Specifically, the furnace body 10 includes a body 11 enclosing the reaction space 101, a resistance wire 12 fixedly connected to the body 11 and disposed in the reaction space 101, and a heat insulating layer 13 disposed between the body 11 and the resistance wire 12. Wherein, the resistance wire 12 is at least partially immersed in the salt bath base solution.

Preferably, in order to prolong the service life of the furnace body 10, the surfaces of the resistance wires 12 and the surface of the heat-insulating layer 13 close to the reaction space 101 are coated with anticorrosive coatings. Specifically, in the present embodiment, the heat insulating layer 13 is a fireproof brick.

The dc electric field 20 includes a power source 21, a first conductive wire 22 and a second conductive wire 23 connecting the power source 21 and the reaction space 101, and an insulating support rod 24 disposed between the first conductive wire 22 and the second conductive wire 23.

One end of the first wire 22 is connected to the anode of the power supply 21, and the other end is fixed with a workpiece pattern block 102. One end of the second wire 23 is connected to the cathode of the power supply 21, and the other end is fixed to a carbon rod 103. During work, the reaction space 101 is filled with partial salt bath base liquid, and the workpiece type sample block 102 and the carbon rod 103 are immersed in the salt bath base liquid. The principle of the direct current electric field 20 for promoting nitriding is as follows:

there are three basic processes in the QPQ nitridation process, namely decomposition, adsorption and diffusion of active nitrogen atoms. The generation formula of the active nitrogen atom depends on the decomposition of CNO-anion in salt bath, namely the following two reactions:

when the power is turned on, the workpiece pattern block 102 is connected to the positive electrode of the power supply 21, and CNO ions in the salt bath base solution are attracted by positive charges and approach the workpiece pattern block 102, so that a large number of CNO ions are present around the workpiece pattern block 102 and have a higher concentration than those around the workpiece when the power is not turned on. Therefore, when CNO-ions are subjected to decomposition reaction, the concentration of active nitrogen atoms around the electrified workpiece pattern sample block 102 is also increased, so that the nitriding speed is higher, and a permeated layer is thicker.

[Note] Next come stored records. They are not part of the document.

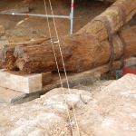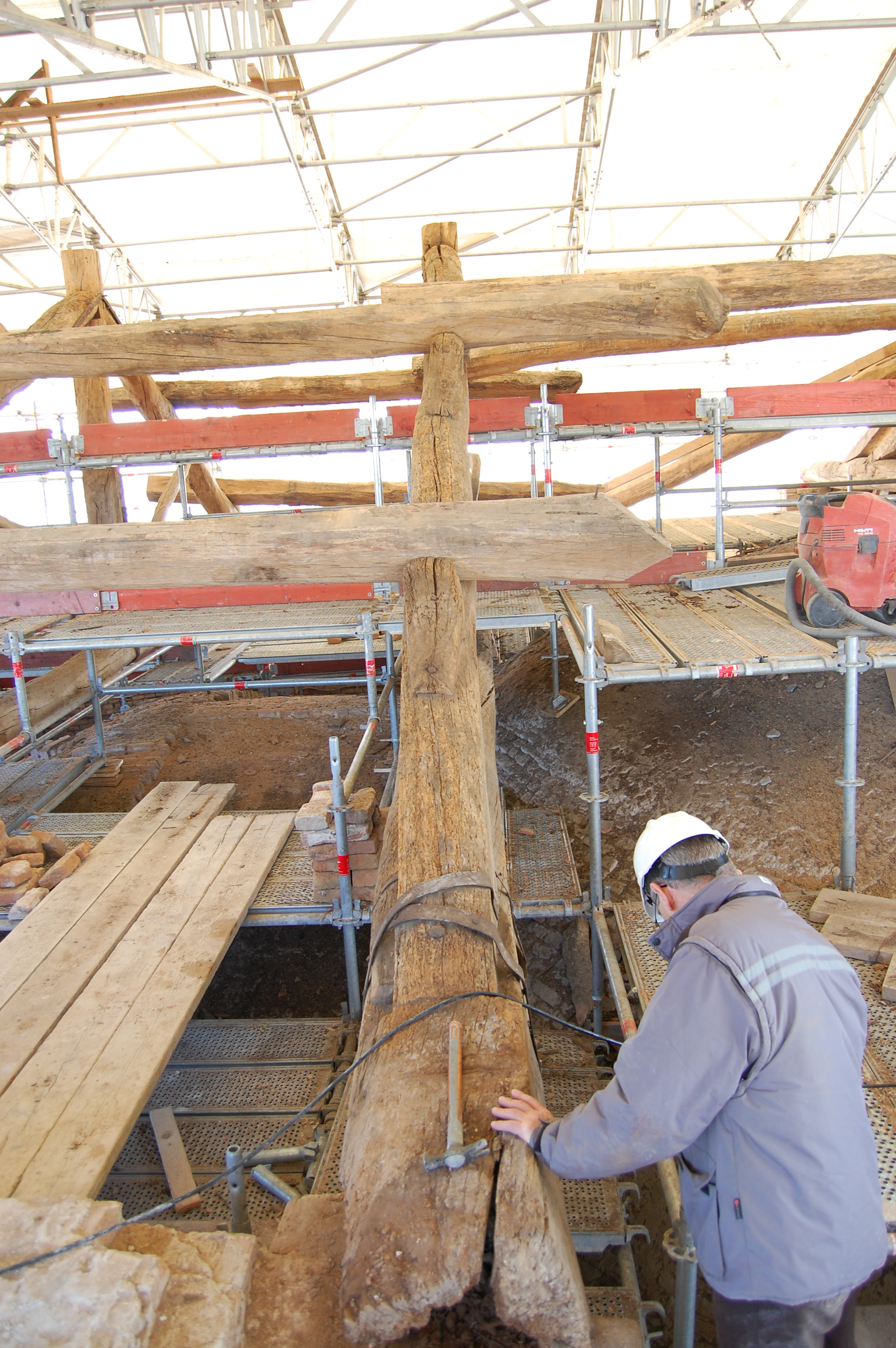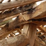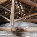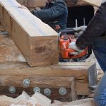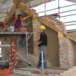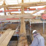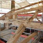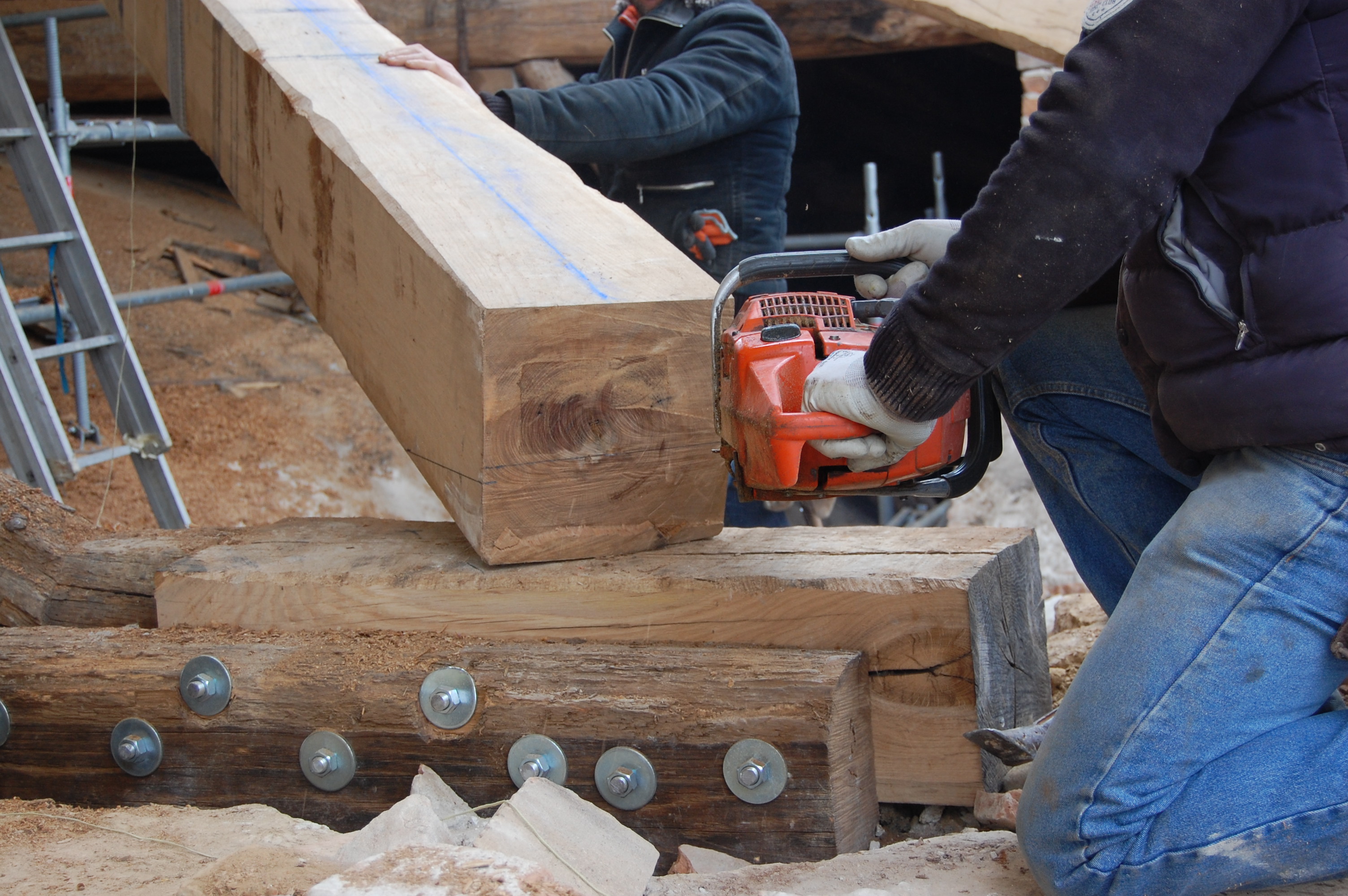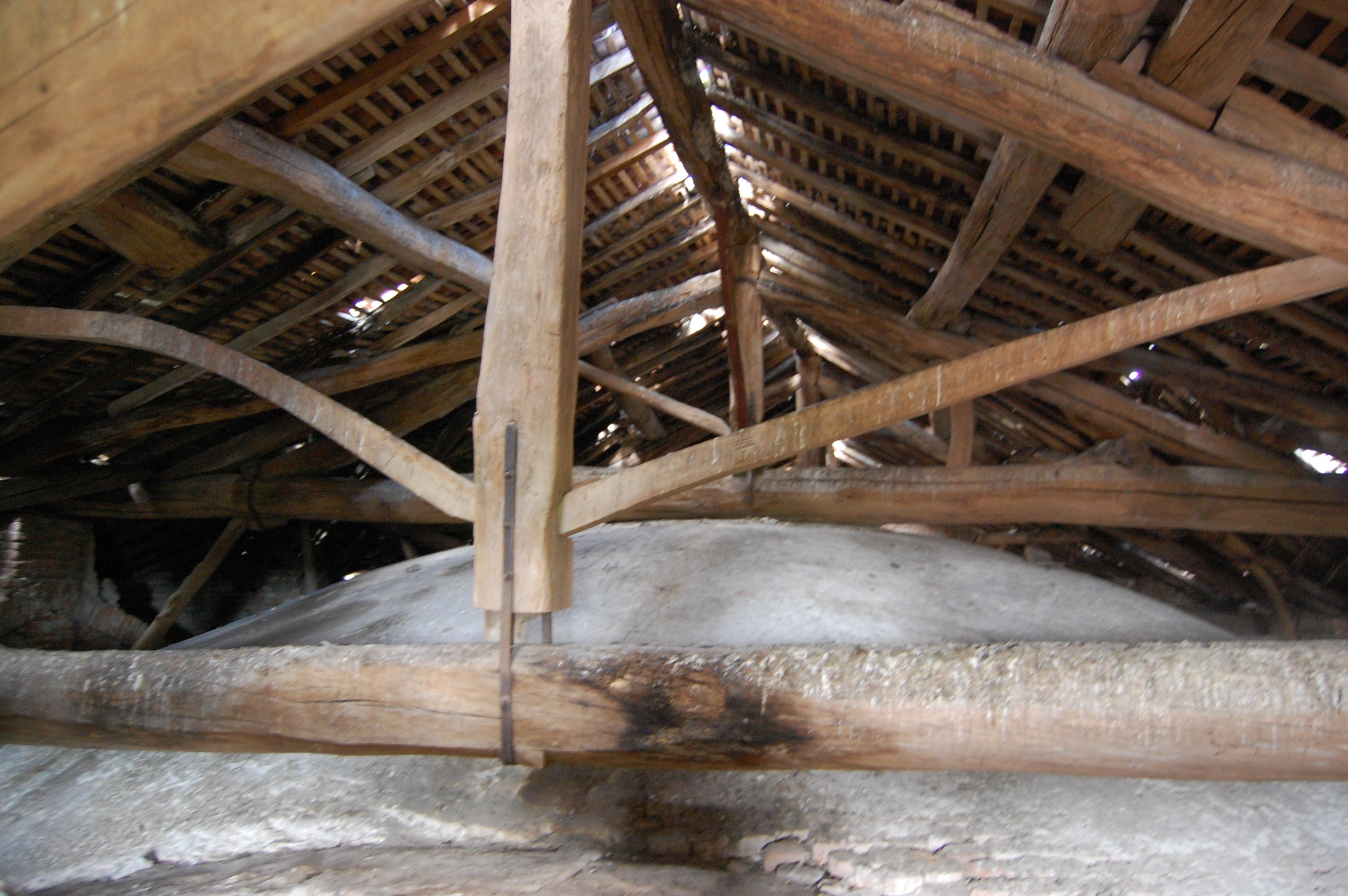 Una volta scoperchiato il tetto è iniziato il lavoro di recupero vero e proprio, levando tutto il materiale guastato dagli anni e dalle intemperie. L’architetto Emiliano Campari, responsabile dei lavori, ha valutato con attenzione lo stato delle orditure che sostengono il tetto: le imponenti travi lignee erose dal tempo e dalle infiltrazioni d’acqua avevano fortunatamente mantenuto una certa compattezza. Per salvare la struttura originaria il team tecnico ha fatto ricorso al metodo studiato dall’architetto italiano Franco Laner, pioniere nell’utilizzo del legno lamellare. “E’ un’opera difficile che richiede una manovalanza specializzata – spiega il geometra Ferdinando Vacchi, responsabile della sicurezza sul cantiere – L’operazione di ‘incalmo’: consiste nell’eliminare la parte di legno deteriorata e innestare tramite bulloni o reggiature inserti di legno nuovo della stessa essenza”. Come si nota dalle foto, i “fettoni” fissati allo scheletro del tetto hanno permesso di rinforzare travi e capriate, evitando così di dover smantellare tutta la struttura. L’arduo compito è stato affidato a Bruno Paggi, che si è occupato di trovare rovere di slavonia e recuperare alcune travi vecchie da riutilizzare come legname per intagliare rinforzi e appoggi.
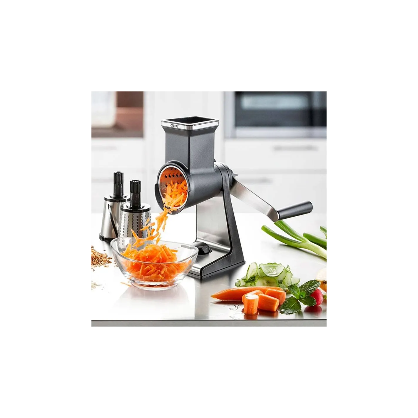 El Rallador de Tambor TRANSFORMA de GEFU es la herramienta ideal para quienes buscan eficiencia y precisión en la cocina. Equipado con tres tambores intercambiables LASER CUT extra afilados, permite realizar rallados finos, gruesos o cortes en rodajas delgadas, adaptándose a diversas necesidades culinarias.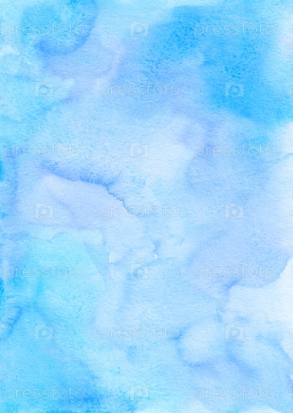 Абстрактная светло-голубая акварельная текстура фона, раскрашенная вручную. Художественный фон пастельного лазурного цвета, пятна на бумаге. Акварельные обои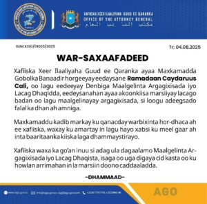 Xafiiska Xeer Ilaaliyaha Guud ayaa caddeeyay inuu si adag ula dagaallamayo dambiyada la xiriira argagaxisada iyo dhaqaalaha sharci darrada ah, isagoo si toos ah ugu digay cid kasta oo ku lug yeelata ama ka qayb qaadata hawlaha noocaas ah.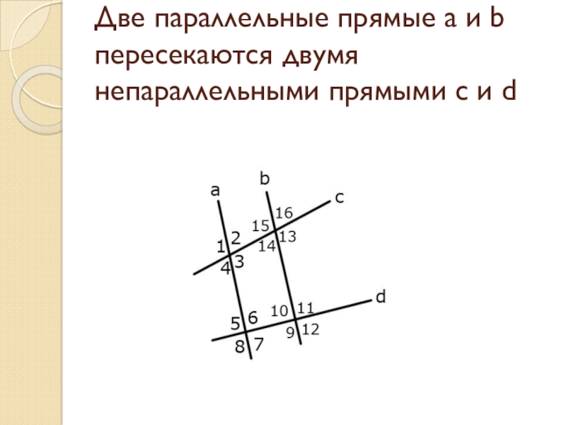 Слайд 5Две параллельные прямые a и b пересекаются двумя непараллельными прямыми c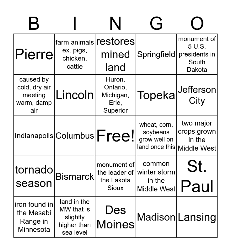 This bingo card has a free space and 24 words: Bismarck, land in the MW that is slightly higher than sea level, Huron, Ontario, Michigan, Erie, Superior, iron found in the Mesabi Range in Minnesota, monument of 5 U.S. presidents in South Dakota, Pierre, caused by cold, dry air meeting warm, damp air, farm animals ex. pigs, chicken, cattle, wheat, corn, soybeans grow well on land once this, monument of the leader of the Lakota Sioux, Topeka, Indianapolis, common winter storm in the Middle West, St. Paul, Lincoln, Madison, two major crops grown in the Middle West, restores mined land, Jefferson City, Columbus, Lansing, tornado season, Springfield and Des Moines.

However, when the voltage is too high (more than 7V), the workpiece pattern block 102 may attract more CNO-ions to approach, and even some CNO-ions may attach to the surface of the workpiece pattern block 102, when the CNO-ions are decomposed, a large amount of active nitrogen atoms around the workpiece pattern block 102 may be accumulated to form a high nitrogen potential, and although the diffusion layer is thick in a short time, the surface may be severely loosened due to the too high content of nitrogen in the compound layer.

Similarly, O2-ions in the salt bath are attracted by positive charges and approach or attach to the surface of the workpiece pattern sample block 102, and at this time, iron atoms diffuse from the compound layer to the surface to form Fe3O4, which also causes redistribution of internal nitrogen atoms, is more favorable for adsorption of nitrogen atoms, accelerates formation of a nitriding layer, and further achieves a catalytic effect. Meanwhile, at the low temperature of 450 ℃, the CNO-ions are decomposed very slowly only by heat, and under the action of the direct current electric field 20, additional energy is provided for the decomposition of the CNO-ions, so that the CNO-ions are decomposed at a higher speed, and the active nitrogen atom concentration is higher.

Specifically, in the present embodiment, the penetration layer can reach 18um, which is 7.5 times the thickness of the penetration layer without the dc electric field 20, and 17 hours is required to reach 18um without the dc electric field 20. Meanwhile, after a 5V direct current electric field is introduced for acting for 2 hours at the low temperature of 450 ℃, the surface hardness of the workpiece type sample block 102 reaches 813HV, which is 1.3 times higher than that of the QPQ process when the power is not supplied.

Specifically, in this embodiment, the insulating support rod 24 is made of ceramic, and the insulating support rod 24 is used to isolate the first conducting wire 22 from the second conducting wire 23, so as to avoid contact between the two conducting wires, and improve the safety of the QPQ low-temperature dc electric field nitriding apparatus 100.

Preferably, in order to further improve the safety of the apparatus and also to facilitate the control of the temperature of the salt bath base liquid, in the present embodiment, the volume ratio of the salt bath base liquid to the reaction space 101 is maintained between 2/3 and 3/4.

The control system 30 includes a temperature control box 31, a thermocouple 32 disposed in the reaction space 101 and communicated with the temperature control box 31, an automatic timer (not shown) connected to the temperature control box 31, and an automatic alarm (not shown) connected to the automatic timer.

The temperature control box 31 is connected with the resistance wire 12 and used for adjusting the current of the resistance wire 12, so that the purpose of controlling the temperature of the salt bath base liquid is achieved. The thermocouple 32 is used for sensing the temperature of the salt bath base liquid and transmitting the real-time temperature information of the salt bath base liquid to the temperature control box 31.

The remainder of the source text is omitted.